Supplied records
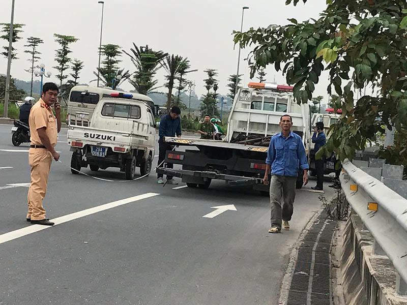 Vụ tai nạn xảy ra vào khoảng 5h30 hôm nay, 24/10, trên làn đường gom QL 5 (xã Vĩnh Ngọc, Đông Anh, Hà Nội) khi chiếc xe cứu hộ BKS 29C-917.XX đi từ cầu Nhật Tân xuống đường Võ Nguyên Giáp.
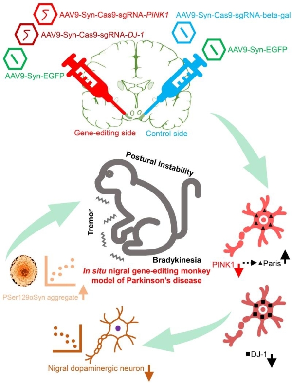 AAV9介导的CRISPR/Cas9基因编辑导致成年猕猴出现帕金森病核心表型
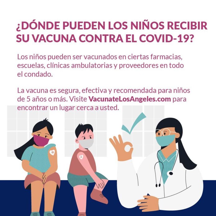 Las vacunas contra el COVID-19 están disponibles para todos los niños en las clínicas de todo el Condado de Los Ángeles, así como en algunas farmacias, escuelas y proveedores de salud. Actualmente, la vacuna es recomendable para todos los niños mayores de 5 años y los refuerzos son recomendables para aquellos mayores de 12 años (Pfizer únicamente).
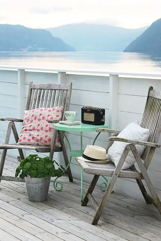 Le ptit déj aux allures de vacances? Aménagez vous un espace différent en extérieur pour les beaux jours. Sur la terrasse ou sur le balcon, une table aux couleurs vieillies par les intempéries, des coussins pour que ce soit confortable et le tour est joué!
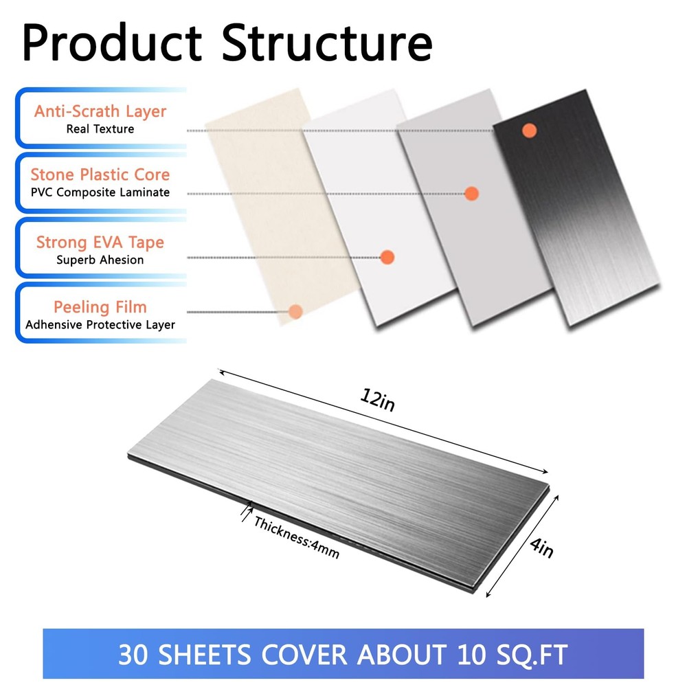 Elevate your kitchen's style with these sleek and modern porcelain tiles. Crafted from high-quality materials, these tiles offer a sophisticated linear pattern that adds depth and texture to your space. Their durable construction ensures long-lasting beauty, while the neutral gray hue complements a variety of design aesthetics. Whether you're renovating or building new, these versatile tiles are an excellent choice for backsplashes, countertops, or floors. Effortlessly blend form and function with this stylish and practical tile collection. Function: Easy to DIY self-adhesive metal tiles for kitchen tailboards, peeling and pasting installations. Dry-installation:No thin backing or decorative cement paste, no dirt or disorder. Widely used:Subway Backsplash, Kitchen, Bathroom, Laundry Room, Camper, Fireplace, RV,kitchen tailboards, decorative walls, and decorative purposes. Size: 4'' x 12'' x 0.15'' , with 30 metal tailboards per pack (occupying 10 square feet). Note:The tile is not magnetic, the tiles should not directly contact with flames or submerse in water. If cutting tiles, one of the following tools is required: jigsaw or cutting saw (recommended), steel saw, hole saw or top saw (only used for circular cutting or power socket cutting). 【4mm Thick & Cuttable Design】Upgraded stone-composite tiles (3x thicker than vinyl) withstand daily wear. Easily cut with scissors/utility knife for precise fitting around outlets or edges 【10 Sq.Ft Strong Adhesive Coverage】30 self-adhesive sheets (4”x12” each) cover 10 sq.ft. Industrial-grade glue bonds instantly on ceramic, PVC, glass, or painted walls—no grout or thin-set required 【Waterproof & Heat-Resistant】Moisture-proof polymer core prevents warping in kitchens/bathrooms. Withstands splashes, grease, and moderate heat (not for direct flames). Wipe clean effortlessly 【Multi-Surface Versatility】Install over existing tiles or smooth surfaces (wood, cement, metal) for subway-style accents. Ideal for kitchens, laundry rooms, campers, and decorative walls 【DIY-Friendly & Durable】Peel-protected adhesive ensures bubble-free application. 0.15" rigid design resists dents. Note: Non-magnetic surface; avoid submersion or extreme heat exposure

Work request
Every entry above needs to be retyped exactly; drop the pictures.

Output for this task
 Vụ tai nạn xảy ra vào khoảng 5h30 hôm nay, 24/10, trên làn đường gom QL 5 (xã Vĩnh Ngọc, Đông Anh, Hà Nội) khi chiếc xe cứu hộ BKS 29C-917.XX đi từ cầu Nhật Tân xuống đường Võ Nguyên Giáp.
 AAV9介导的CRISPR/Cas9基因编辑导致成年猕猴出现帕金森病核心表型
 Las vacunas contra el COVID-19 están disponibles para todos los niños en las clínicas de todo el Condado de Los Ángeles, así como en algunas farmacias, escuelas y proveedores de salud. Actualmente, la vacuna es recomendable para todos los niños mayores de 5 años y los refuerzos son recomendables para aquellos mayores de 12 años (Pfizer únicamente).
 Le ptit déj aux allures de vacances? Aménagez vous un espace différent en extérieur pour les beaux jours. Sur la terrasse ou sur le balcon, une table aux couleurs vieillies par les intempéries, des coussins pour que ce soit confortable et le tour est joué!
 Elevate your kitchen's style with these sleek and modern porcelain tiles. Crafted from high-quality materials, these tiles offer a sophisticated linear pattern that adds depth and texture to your space. Their durable construction ensures long-lasting beauty, while the neutral gray hue complements a variety of design aesthetics. Whether you're renovating or building new, these versatile tiles are an excellent choice for backsplashes, countertops, or floors. Effortlessly blend form and function with this stylish and practical tile collection. Function: Easy to DIY self-adhesive metal tiles for kitchen tailboards, peeling and pasting installations. Dry-installation:No thin backing or decorative cement paste, no dirt or disorder. Widely used:Subway Backsplash, Kitchen, Bathroom, Laundry Room, Camper, Fireplace, RV,kitchen tailboards, decorative walls, and decorative purposes. Size: 4'' x 12'' x 0.15'' , with 30 metal tailboards per pack (occupying 10 square feet). Note:The tile is not magnetic, the tiles should not directly contact with flames or submerse in water. If cutting tiles, one of the following tools is required: jigsaw or cutting saw (recommended), steel saw, hole saw or top saw (only used for circular cutting or power socket cutting). 【4mm Thick & Cuttable Design】Upgraded stone-composite tiles (3x thicker than vinyl) withstand daily wear. Easily cut with scissors/utility knife for precise fitting around outlets or edges 【10 Sq.Ft Strong Adhesive Coverage】30 self-adhesive sheets (4”x12” each) cover 10 sq.ft. Industrial-grade glue bonds instantly on ceramic, PVC, glass, or painted walls—no grout or thin-set required 【Waterproof & Heat-Resistant】Moisture-proof polymer core prevents warping in kitchens/bathrooms. Withstands splashes, grease, and moderate heat (not for direct flames). Wipe clean effortlessly 【Multi-Surface Versatility】Install over existing tiles or smooth surfaces (wood, cement, metal) for subway-style accents. Ideal for kitchens, laundry rooms, campers, and decorative walls 【DIY-Friendly & Durable】Peel-protected adhesive ensures bubble-free application. 0.15" rigid design resists dents. Note: Non-magnetic surface; avoid submersion or extreme heat exposure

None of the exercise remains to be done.